At Home He's a Tourist

He fills his head with culture/ He gives himself an ulcer.

Thursday, July 07, 2005

Since I'm hanging with the Calvinists I've taken an interest in some of their theological distinctives. Which is not to say that I agree with them. A Calvinist writes in defense of their minimalist worship service:

High church worship begins with alleged mystery and continues along a path of allusion wherein the true God is not directly encountered. Informed worship, on the other hand, begins with a direct encounter between God and His people through His own Word, and brings God and His people closer throughout worship by the very same means. It begins & ends with covenant clarity: I am your God, you are my people. Amen.
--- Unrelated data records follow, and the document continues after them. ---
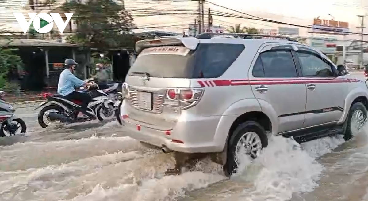 Không chỉ ở Bình Minh, tại phường Long Châu – nơi tập trung các tuyến đường chính như Lê Thái Tổ, Hưng Đạo Vương, Nguyễn Huệ, Phó Cơ Điều, Hoàng Thái Hiếu, Xóm Chài – nước triều cũng tràn ngập nhiều đoạn đường, gây ảnh hưởng đến sinh hoạt của người dân.
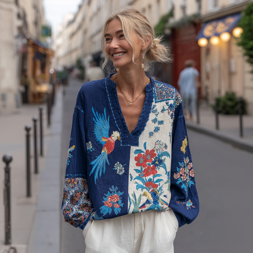 Women's Patchwork Art Floral And Bird Pattern Comfortable Top
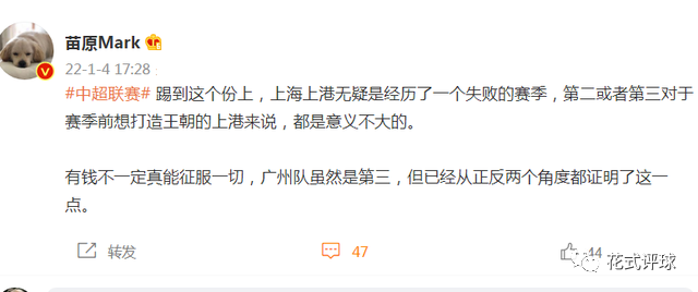 钱非万能,有钱不一定能买到一切!媒体人苗原在点评上港这个赛季时,一针见血地直言有钱的上港不能征服一切(下图)。
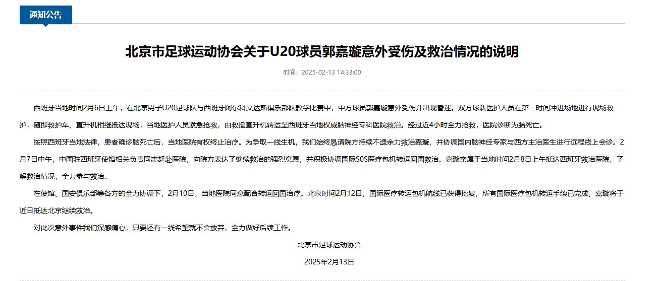 北京市足球運(yùn)動(dòng)協(xié)會(huì)關(guān)于U20球員郭嘉璇意外受傷及救治情況的說(shuō)明
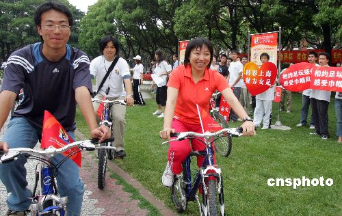 5月29日,由上海复旦、同济等四所高校的学生和足球运动员、裁判员、新闻记者共同组成的自行车方阵,在孙雯(前排右一)的带领下,通过自行车骑游校园的方式宣传女足世界杯,从而拉开07女足世界杯倒计时100天系列活动的序幕。中新社发 汤彦俊 摄
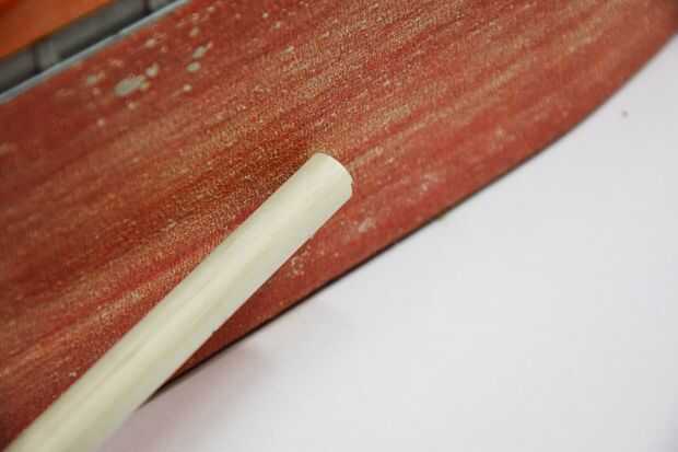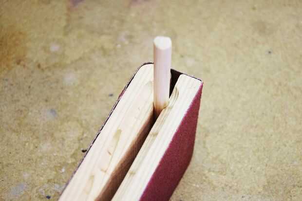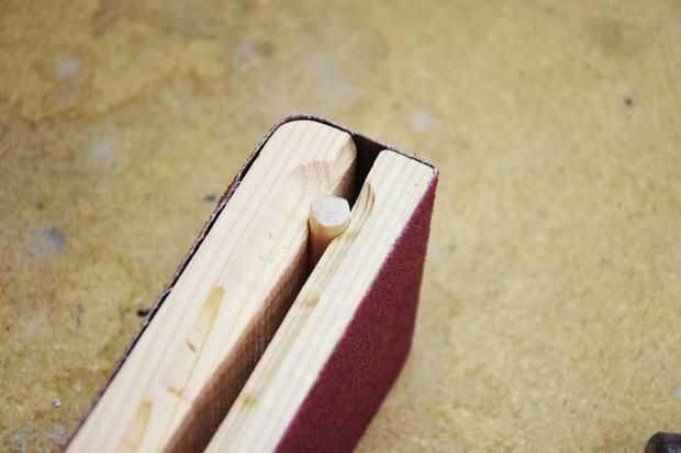 Corte espiga 3/8 de pulgada a 3 pulgadas en longitud. Un biselado en un extremo de la arena. Deslice la banda de papel de lija alrededor del bloque. Debe ser sobre todo apretado mientras se desliza sobre el bloque. Si no encaja, cortar un poco más el extremo del bloque, los extremos del bloque de la ruta y repita como sea necesario hasta que quede el papel de lija. Si el papel de lija está suelto, corte un nuevo pasador con un diámetro mayor hasta que papel de lija está apretado.

High church worship, by depending upon symbol, mystery and allusion, hides God and His Word behind incense, altars, confessionals, pantheons of saints, robes, colors, candles, and magic formulas. It is pure show business, keeping the true God apart from the people. High church worshippers are taught in one thousand gross and subtle ways that the God who created the world cannot be approached directly.

I'll need to mull over it a bit but my initial reaction is that I'll never be a good Calvinist. Schlissel assumes that the sensuous hides God; I assume it reveals Him. My view, I think, is more consistent with the Incarnation, according to which those who have seen the Son have seen the Father, and with the Christian concept of the afterlife, which is not purely spiritual but involves "a new heaven and a new earth." (Augustine suggests that as we "see" the souls of other people via their bodily behavior, so in heaven we shall see God through His governance of the post-Resurrection universe.)